While both of these events had a lot of impact on broader issues, interestingly enough neither one of them actually triggered my motivation to the point where I wanted to take action. Not sure what that says about me, but I will leave that judgment to my readers.
Separation was looming and it was a long time coming for my frustrations reached a tipping point.
We have lost touch with what’s appropriate
Now, you are probably thinking what could have possibly been worse than those occurrences? Nothing global, nothing earth shattering, but yet another invitation to donate to a charity. Yes, I said it, it’s official now. Judge away, mark me as a horrible person, I don’t care because you cannot “Dislike” this article, because Facebook doesn’t have a “Dislike” button. You can however leave nasty remarks, so feel free to do that.

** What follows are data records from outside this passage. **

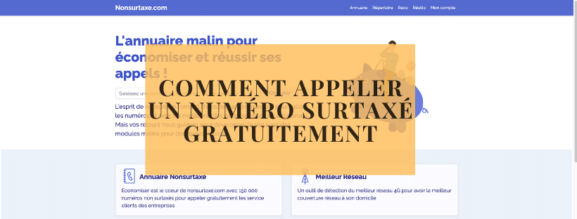 Derrière chaque numéro de téléphone surtaxé, il y a son équivalent non surtaxé ! Et oui la loi oblige les sociétés à fournir à leurs clients un numéro non surtaxé pour le service après-vente et les réclamations, en trouvant les numéros non surtaxés vous allez faire des économies sur votre forfait téléphonique car les numéros surtaxés sont très chers. Pour trouver ces numéros allez sur le site nonsurtaxe.com, un annuaire qui référence plus de 100 000 numéros de téléphone non surtaxés ! Cherchez le service voulu e-commerce, assurance, banque, fournisseur internet, transporteur de colis, compagnies aériennes … et le site vous affichent le numéro non surtaxé :
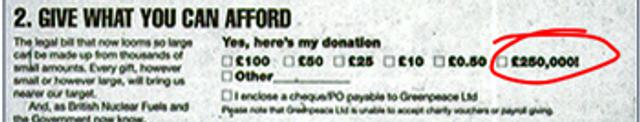 It seemed a zany idea, but a characteristically cheeky approach from Greenpeace. And it worked, because one donor did give £200,000. We’re still not quite sure why he didn’t give the full quarter of a £million. Mean, I guess.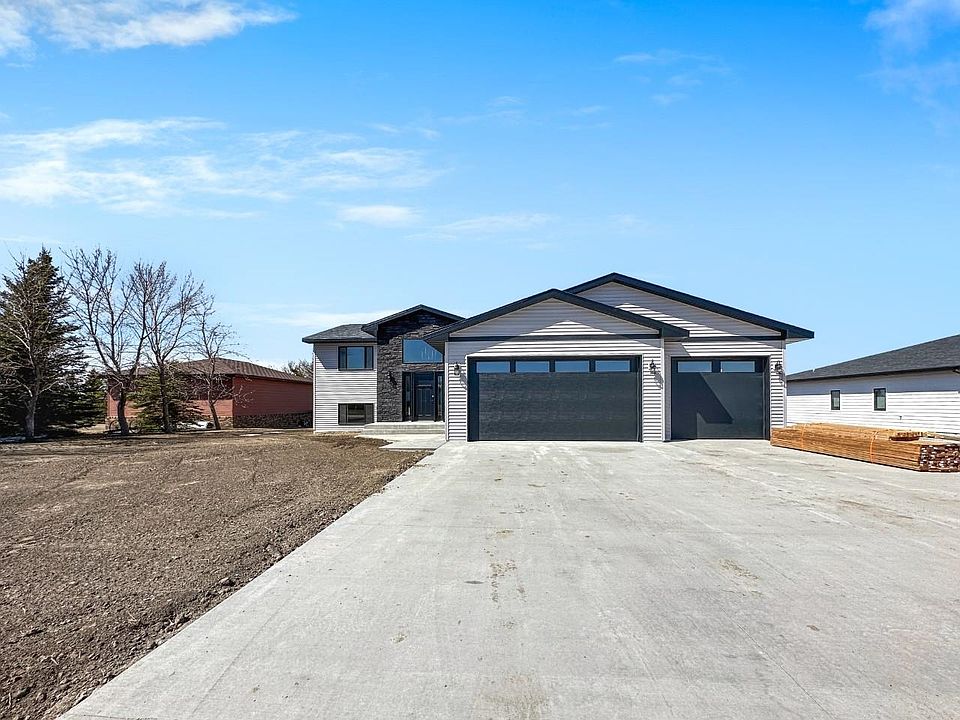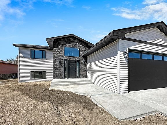 Construction has started with an anticipated completion of April 15th, 2023. This spacious split foyer home is fully finished for $399,900! This smartly designed split foyer has a G R A N D entry with tons of stone work, stately front door and window accents to bring in loads of sunshine plus a WALK OUT basement! The kitchen, living, and dining spaces are seamlessly united thanks to the high quality plank flooring. The kitchen features abundant shaker style white cabinetry, laminate countertops, $3500 appliance allowance, and a well positioned island for entertaining. Down the hall are two bedrooms including a spacious master with private bath. The walk-out family room is super sized and will accommodate multiple furniture arrangements or gaming options. Two additional bedrooms, finished laundry space and third full bathroom complete this space. The triple garage is insulated, sheet rocked and has a floor drain. Situated on the west side of Surrey, this home is just minutes from all the conveniences of Minot but offers the escape of small town living and a smaller school system. Affordably priced at only $399,900 - this value is hard to beat. This home was quality constructed by L O C A L contractor (Precision Plus Construction LLC) and all local sub-contractors! All selections for this home have already been made to keep the timeline on track. Please inquire with your agent for construction status and exterior/interior finishes.

Don’t get me wrong, I love the idea of having a platform where you can ask people to contribute in a positive way, who wouldn’t? But at the same time it seems self-serving. And before you start judging me again, hear me out on this one.
When I am invited to a birthday party of a friend, and by that I mean a real friend not a Facebook connection, and the friend asks me to donate to their preferred charity instead of bringing a gift, that’s totally fair game and really admirable. Needless to say that I would happily meet that request.
If however, most of my connections on Facebook all of a sudden think it’s cool to ask for contributions to their charity simply because they have a birthday, that’s where the self-involved part comes in. And that is exactly what Facebook has done to all of us.
Friend or Connection?
We have lost touch with what’s appropriate and what is real. We don’t differentiate between true friendships and connections. We ask everybody who is connected to us to act like a friend, completely forgetting that we might not have even met some of the people we share a platform. We probably couldn’t even name one characteristic of the person who we connected with years ago simply because they come up as a recommended connection chosen by the Facebook Algorithm.
Simply because people like your posts doesn’t mean you are popular. Simply because you know what’s going on in a person’s life because they happen to overshare on Facebook doesn’t make them a friend.
Facebook gives us a false sense of connectivity where we feel that daily updates give us access and build intimacy.
I don’t think that any of the people asking for donations on their birthday would have the courage to do it in-person, but Facebook makes it easy for us. Everything is just a click away. It’s easier to criticize, because we don’t have to respond after an insulting comment. It’s also easier to love things that we generally don’t care about, because it’s a only click away. As I had mentioned above, there is no “Dislike” button, so people are under the illusion that they are genuinely popular when somebody likes their post.
Trust me, most people who like your updates don’t really care about you or your life.
How many friends do you really have?
Facebook is easy, I give you that. That was one of the many reasons why I stayed on the platform and engaged on a daily basis. It’s easier to send birthday wishes, to share memories, to see your children’s photos and updates. But that’s exactly where the problem lies. We use technology to supplement human interaction and it makes us a dull, uninvolved, complacent society. There is true danger lurking behind those posts, the danger of losing touch with what’s really important in life.
If you really care about somebody, you will make sure there is a connection beyond social media. Once you cut the cord, so to speak it will soon surface who your true friends are.